Godard and painting: subject of thesis or essay, to be included in a very long-term interrogation on the relationship between cinema and painting, and in which Godard would find himself in the company of many of his colleagues. Failing to engage in such reflection, we must limit ourselves to noting the abundance and frequency of quotations or pictorial allusions in his films; and that these were noticed very early on, to such an extent that it does not seem excessive to think that, with Godard, cinema and painting are inseparable.
In Pierrot le fou (1965), Ferdinand – Jean-Paul Belmondo – has his face painted in Yves Klein-like blue and photos of the shoot show that it was the filmmaker who held the brush before taking to do the actor’s make-up.
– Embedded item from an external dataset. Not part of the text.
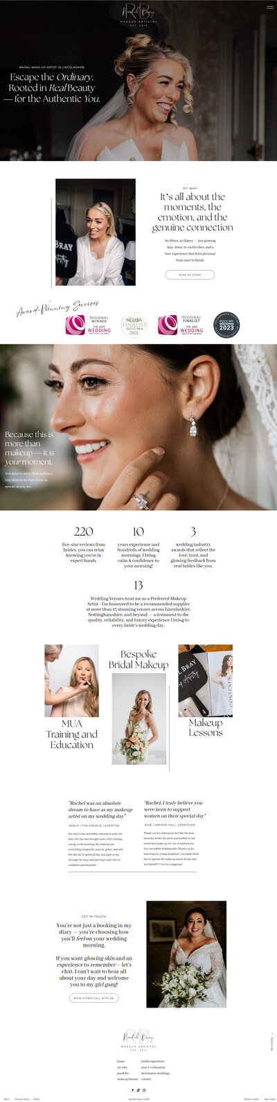 Evelyn is our premium website template with a refined aesthetic for bridal hair & makeup artists, created with Claire Jane - a bridal hair & makeup artist with over 15 years in the industry.

And, about the film, Louis Aragon publishes in French letters, on September 9, 1965, an article titled What is art, Jean-Luc Godard? “But Godard is Delacroix. » Follows the evocation of The Death of Sardanapaluswhom Aragon saw recently at the Louvre. « It’s about what art of Delacroix here looks like art of Godard in Pierrot le fou. Doesn’t that jump out at you? » Crazy Pierrot, he continues, « So it’s like Sardanapalus, a color film. On the big screen. Which is distinguished from all color films by the fact that the use of a medium at Godard always has a aim, and almost constantly includes his criticism. It’s not just about the fact that it’s well photographed, that the colors are beautiful… It’s very well photographed, the colors are very beautiful. It’s about something else. »
text and image
This » something else « , it is the density of sensations, memories and ideas that the film arouses, like the canvas. At 35, here is Godard equal to Delacroix, who painted his Sardanapalus at 29, by a French writer, Aragon, whose notoriety was immense at the time. Which author continues by also placing Godard under another sign: « If I also wanted, I would approach J. L. G. by the coast of painters to seek the origin of one of the characteristics of his art for which he is most reproached. The quotation, as the critics say, the collages as I proposed it be called, and I seemed to see, in interviews, that Godard had taken up this term. » But collage is Picasso, Braque, Schwitters and Ernst, cubism, Dada and surrealism.
As its title suggests, « Le Livre d’image » brings together all those who have participated, blatantly or underground, in the cinema of Godard.